_ACTIVITY_. The listing below should be printed again word for word, without any images.

_INFORMATION SUPPLIED_.
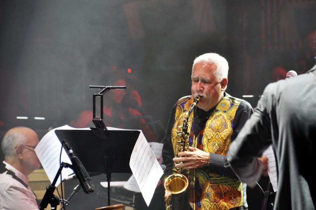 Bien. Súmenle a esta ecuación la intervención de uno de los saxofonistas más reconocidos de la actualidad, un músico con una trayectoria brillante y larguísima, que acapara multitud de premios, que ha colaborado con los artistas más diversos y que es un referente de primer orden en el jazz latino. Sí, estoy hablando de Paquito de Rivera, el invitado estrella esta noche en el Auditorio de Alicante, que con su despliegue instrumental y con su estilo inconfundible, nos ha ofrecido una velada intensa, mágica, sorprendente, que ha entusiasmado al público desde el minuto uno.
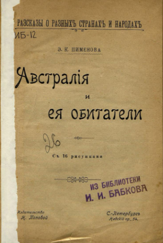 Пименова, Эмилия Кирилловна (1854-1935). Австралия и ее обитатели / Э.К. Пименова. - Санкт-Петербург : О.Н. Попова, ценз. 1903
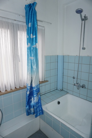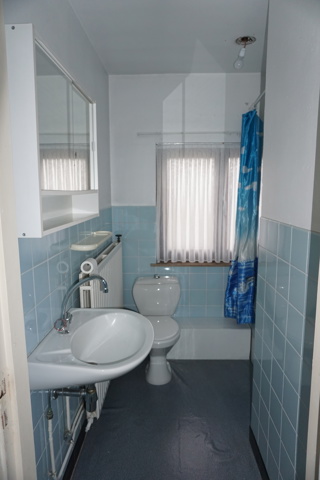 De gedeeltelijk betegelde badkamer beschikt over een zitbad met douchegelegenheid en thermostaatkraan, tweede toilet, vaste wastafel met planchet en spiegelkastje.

_YOUR RESPONSE_.
 Bien. Súmenle a esta ecuación la intervención de uno de los saxofonistas más reconocidos de la actualidad, un músico con una trayectoria brillante y larguísima, que acapara multitud de premios, que ha colaborado con los artistas más diversos y que es un referente de primer orden en el jazz latino. Sí, estoy hablando de Paquito de Rivera, el invitado estrella esta noche en el Auditorio de Alicante, que con su despliegue instrumental y con su estilo inconfundible, nos ha ofrecido una velada intensa, mágica, sorprendente, que ha entusiasmado al público desde el minuto uno.
 Пименова, Эмилия Кирилловна (1854-1935). Австралия и ее обитатели / Э.К. Пименова. - Санкт-Петербург : О.Н. Попова, ценз. 1903
 De gedeeltelijk betegelde badkamer beschikt over een zitbad met douchegelegenheid en thermostaatkraan, tweede toilet, vaste wastafel met planchet en spiegelkastje.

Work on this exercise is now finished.